COLLECTED DATA

_ _ _ _ _ _ _

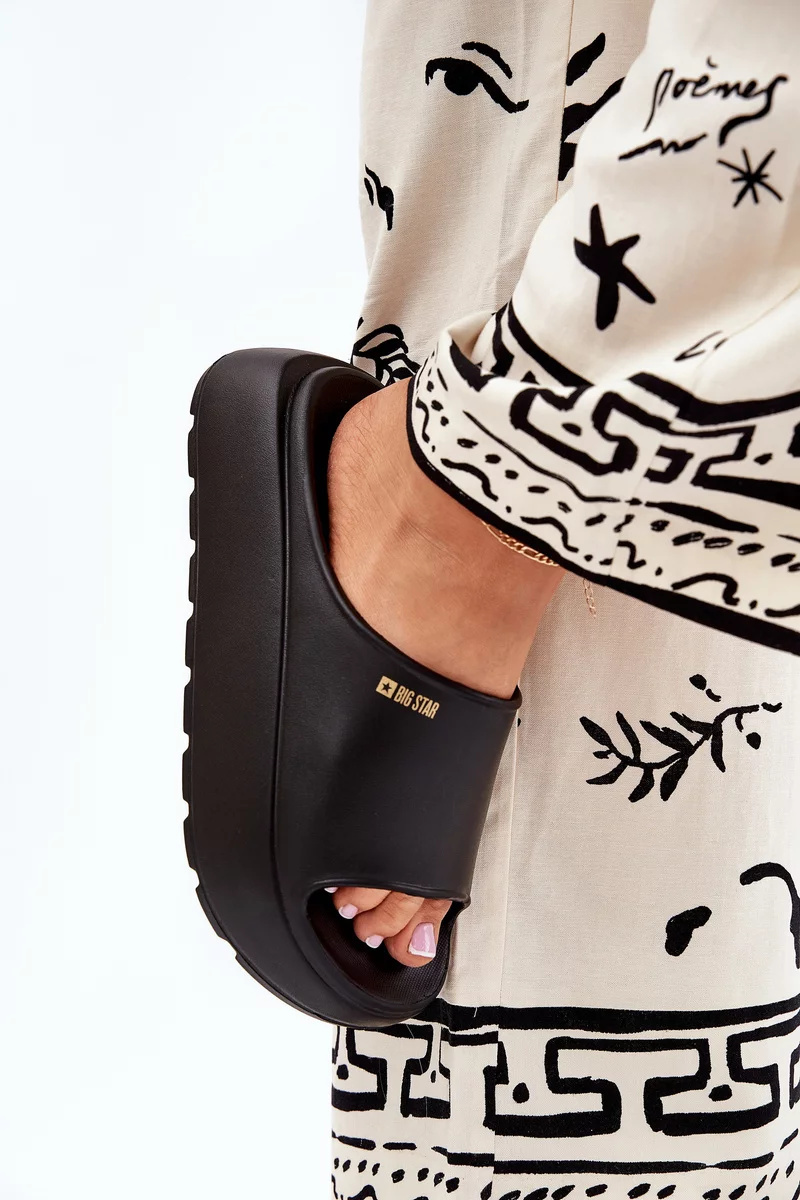 Stylové a maximálně pohodlné pantofle od značky Big Star, vyrobené z lehké a měkké pěny EVA. Platformová podrážka dodává nejen moderní vzhled, ale také zajišťuje komfortní nošení po celý den. Černý design je nadčasový a snadno se kombinuje s jakýmkoliv outfitem.
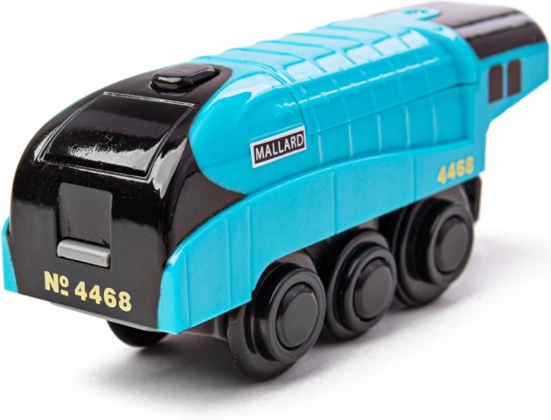 Die elektrische Lokomotive Mallard besticht nicht nur durch ihr markantes blaues Design, sondern auch durch ihre Fähigkeit, dank ihres Magnetsystems weitere Waggons zu ziehen. Die einfache Steuerung mit nur einem Knopf auf dem Schornstein begeistert durch ihre Benutzerfreundlichkeit. Die Lok wird von 2 AAA-Batterien betrieben, die nicht im Lieferumfang enthalten sind.
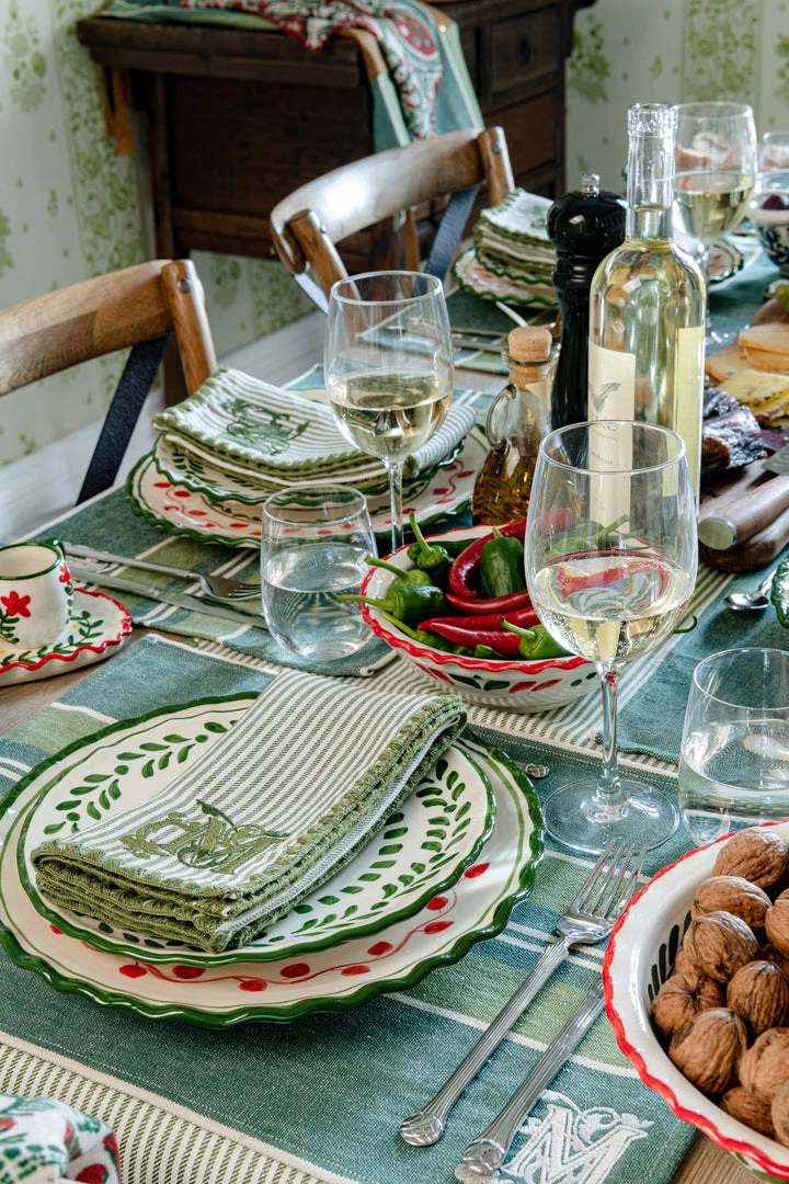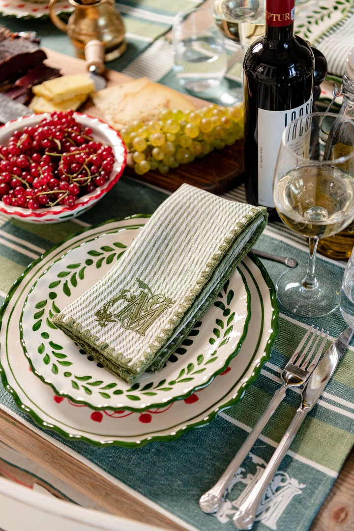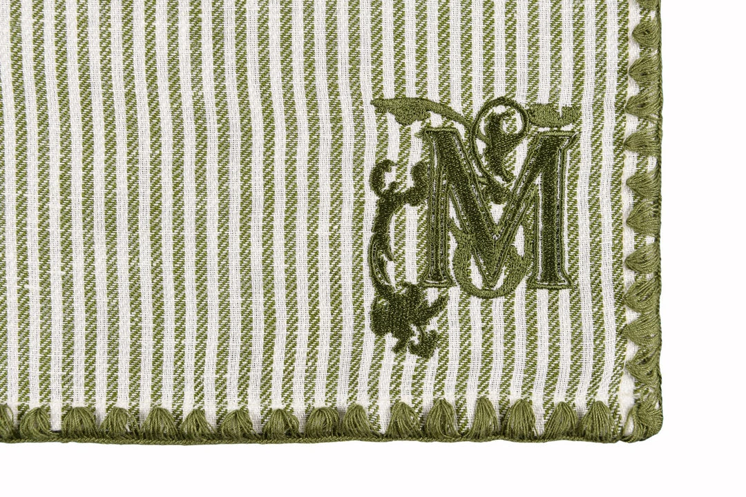 This fine linen fabric 210 gsm., carefully woven and tailored, benefits of a soft-washing treatment to obtain a delicate touch. The stonewashed napkin is edged in characterful light green scallop crochet, showcasing our leafy woven M logo which acts as a statement finish to this precious item.

_ _ _ _ _ _ _

ACTIVITY
Begin the copy at the line containing "Die elektrische Lokomotive" and end it at the final line of the material above, reproducing each line exactly and omitting pictures.

RESULT FOR THIS EXERCISE
 Die elektrische Lokomotive Mallard besticht nicht nur durch ihr markantes blaues Design, sondern auch durch ihre Fähigkeit, dank ihres Magnetsystems weitere Waggons zu ziehen. Die einfache Steuerung mit nur einem Knopf auf dem Schornstein begeistert durch ihre Benutzerfreundlichkeit. Die Lok wird von 2 AAA-Batterien betrieben, die nicht im Lieferumfang enthalten sind.
 This fine linen fabric 210 gsm., carefully woven and tailored, benefits of a soft-washing treatment to obtain a delicate touch. The stonewashed napkin is edged in characterful light green scallop crochet, showcasing our leafy woven M logo which acts as a statement finish to this precious item.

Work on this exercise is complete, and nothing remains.